Deutsche Bank expects the Bank of England to keep Bank Rate at 3.75% at its June meeting, extending the hold to a fourth consecutive decision. The bank sees a 7–2 vote on the Monetary Policy Committee, with Huw Pill and Megan Greene dissenting in favour of a rise, while the majority judges the current stance appropriate as rate expectations have firmed since April.
The forecast still assumes no change in Bank Rate this year, yet the risk of tighter policy is rising if the energy shock persists and feeds through into indirect and second-round inflation effects. Under this path, Deutsche Bank expects Bank Rate to remain at 3.75% until spring next year, after which the MPC could restart an easing cycle. It sees the eventual endpoint at 3.25%, described as its estimate of nominal neutral.

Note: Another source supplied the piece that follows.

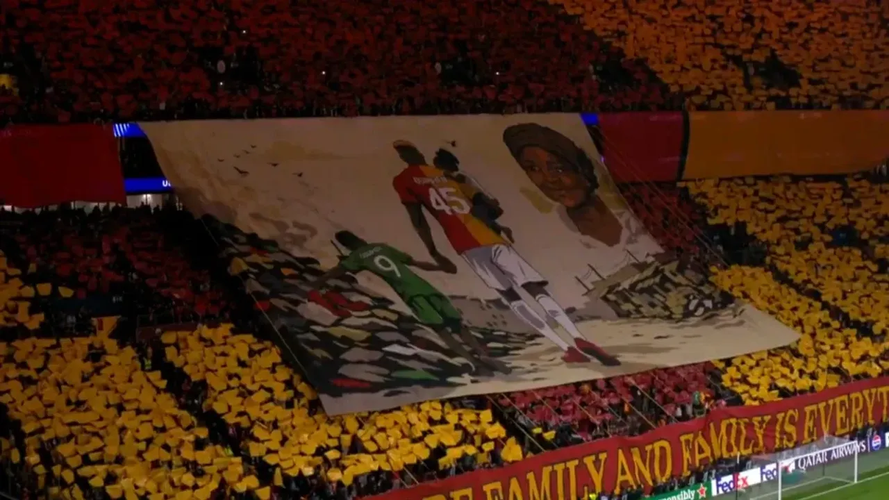 Koreografide, çocukken annesini kaybeden Osimhen’in annesinin resmi yer alırken, Osimhen’in Galatasaray forması giymiş hali, Nijerya’da zor koşullarda yaşayan çocuk hâliyle el ele gösterildi. Tribünlerde ayrıca “Biz aileyiz ve aile her şeydir” mesajı dikkat çekti.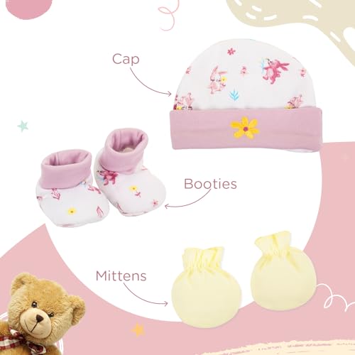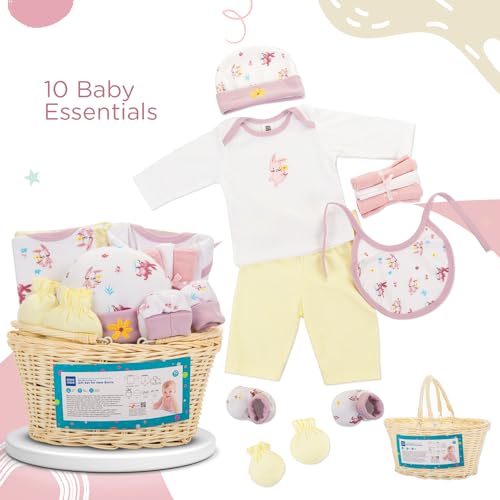 COTTON MATERIAL: Experience optimal comfort with baby clothing made from 100% breathable cotton ensuring your little one stays cool and cozy. STYLE STATEMENT: Elevate your baby's wardrobe with modern designs that make a stylish statement keeping them in vogue with the latest trends. CLOTHING ESSENTIALS FOR ALL-DAY WEAR: Discover clothing essentials designed for long all-day wear providing both comfort and durability for your baby's active moments. BEAUTIFUL RIBBON-WRAPPED GIFT BOX: Present your little one or loved ones with the cutest gifting option â our clothing comes beautifully packaged in a ribbon-wrapped gift box. PACK OF 10: T-shirts Pajamas Cap Napkins (3) Cloth Booty Mittens bibs

Monetary Policy Outlook And Inflation Dynamics
We expect the Bank of England to keep the Bank Rate unchanged at 4.50% at its meeting later this month. The vote will likely be a 7-2 split, showing that a couple of members still see a need for tighter policy to fight inflation. This reinforces our view that the Bank is in no rush to start cutting rates.
This cautious approach is being driven by stubborn data, with services inflation still running at a high 4.5% in the latest report. While headline inflation has fallen to 2.8%, this core stickiness is what the committee is focused on. Until there is clear evidence of a broader cooling in price pressures, rate cuts will remain off the table.
Market Implications And Trading Opportunities
For derivative traders, this means the market may be too optimistic about the timing of future cuts. We see an opportunity in strategies that profit if UK rates stay higher for longer than currently priced in. Selling Sterling Overnight Index Average (SONIA) futures for delivery in late 2026 or early 2027 could be an effective trade.
Wage growth is also a key concern, which, despite easing, is still holding around 4.0%, a level inconsistent with the Bank’s 2% inflation target. We believe the first rate cut will not happen until the spring of 2027. This suggests any dips in short-term interest rate swaps are a chance to position for a prolonged hold.